I picked it up. "Do you think if I shake it It’ll light up like a glow stick?"

"Put it down now!" Michael almost yelled.

I moved on. "Check out this weird looking crab."

There were footsteps on the stairs and I heard the voice of the man we’d seen earlier.

"Who’s down there? I thought I told you two to leave!"

Michael grabbed my arm. "What else do you need? Let’s go now!"

"Fine, fine." I headed toward a door at the far end of the basement.

"Where are you going? Why don’t we go out the way we came in?"

"Why not go this way? It says ‘Exit’."

"It also says ‘Employees Only’."

"When no one’s working anybody can use it. Don’t you know that rule?"

"That’s not a rule. You’re making that up."

"Come on." I pressed the bar that opened the door. We stepped out into a courtyard surrounded by a high wooden fence. The wind had picked up and a light rain started to fall. I turned around. The door had closed and automatically locked behind us.

I looked around. A crane standing out in the yard looked back at us. Then it spread its wings and took off. As it flew up it went past an upstairs window of the sea lab. There was a man up there pointing in our direction and talking.

"What’s he saying?" I asked.

"It looks like he’s telling us to stay where we are and he’ll be down in a minute."

"Finally, it’s about time we got some service in this place."

"What’s wrong with you?"

There was a door into the sea lab directly across from us that looked promising, so I started walking over to it. Michael followed, hissing and muttering something to me. The door opened, and I went in, and held it open for Michael. It led us into a narrow cinderblock corridor. There were doors to the left and right.
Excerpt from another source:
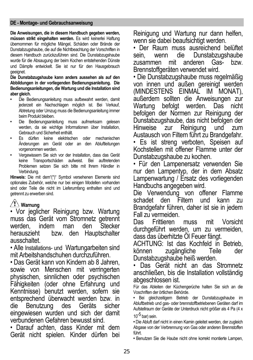 • L’air ne doit pas être envoyé dans un conduit utilisé pour évacuer les fumées d’appareils utilisant du gaz ou un autre combustible. • Ne pas utiliser ou laisser la hotte sans les lampes correctement montées, car un éventuel risque de choc électrique est possible. • N’utilisez jamais la hotte sans la grille montée correctement! • La hotte ne doit JAMAIS être utilisée comme une surface d'appui, sauf indication expresse.

The fluorescent lights buzzed.

"Left or right?" I felt like I’d left Michael out of the decision process, so I thought I’d give him a chance, but then the door to our right opened. A young guy with a knitted cap wearing jeans and a t-shirt came in. He ambled by us and said, "’Sup."

"Good," I said. He continued on to the door on the left, so I turned and grabbed the door he’d just come through before it could close. We came out into a combination den and kitchen, with some couches on one side and a refrigerator, stove, and a small table on the other. There were several people, young, in their early twenties maybe, sitting around. They looked a little bit stunned by our entrance.
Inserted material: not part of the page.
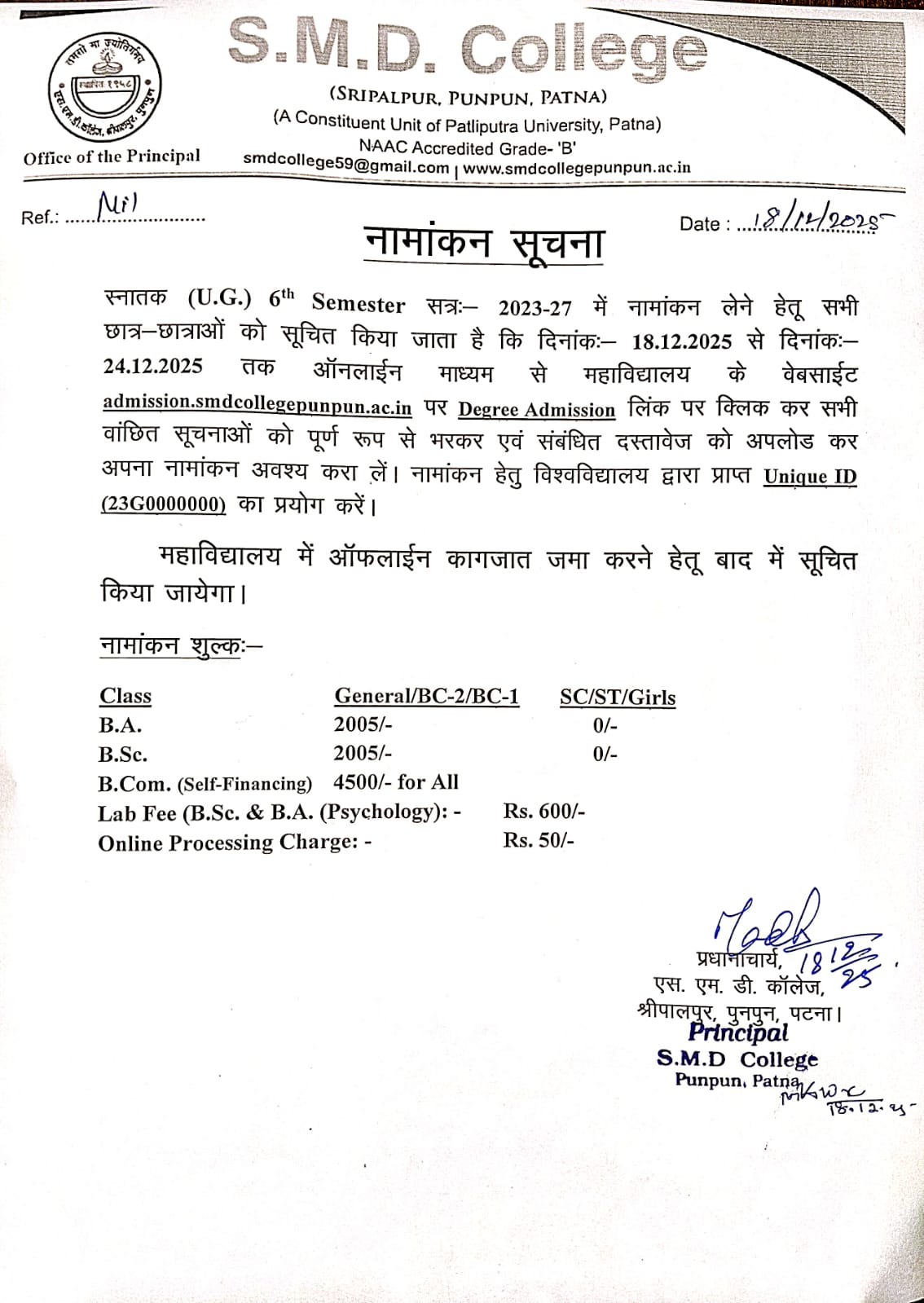 NOTICE REGARDING UG 6TH SEMESTER ADMISSION (2023-27)

"Hi!" I said. "We took a wrong turn." Which way’s the way out?"

A guy sitting at the table pointed to a corridor past the stove.

"Oh, thanks, duh, I should have seen the sign that said ‘Exit’." I turned to Michael. "Next time we’re paying for the complete tour package."
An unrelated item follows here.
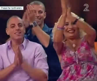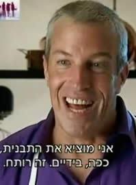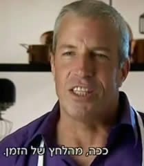 "You three great ones, how are you?" And - facing Elihav - laughs:: " You seem to be relaxed" - Elihav: "Imma-leh" Michal: "Immanuel, tell the truth, is this more pressuring than flying a plane with 400 passengers behind you?" Immanuel thinks for a second: "Yes! To fly 400 passengers, that's a process which we learnt, step by step, very structured. In the end there is excitement, but here it's a roller-coaster, nothing is forseeable, everything in total craziness" |

The corridor led us to the front door and we found our way out. The wind had died down and the sun was starting to come out. We’d parked at the public beach a mile and a half away, but with the weather turning it was a pleasant walk. Still Michael complained the whole time, saying he doesn’t understand why he lets me get him into these things. I don’t know what he meant. If it was anybody’s fault it was Lady Dame What’s-Her-Name’s.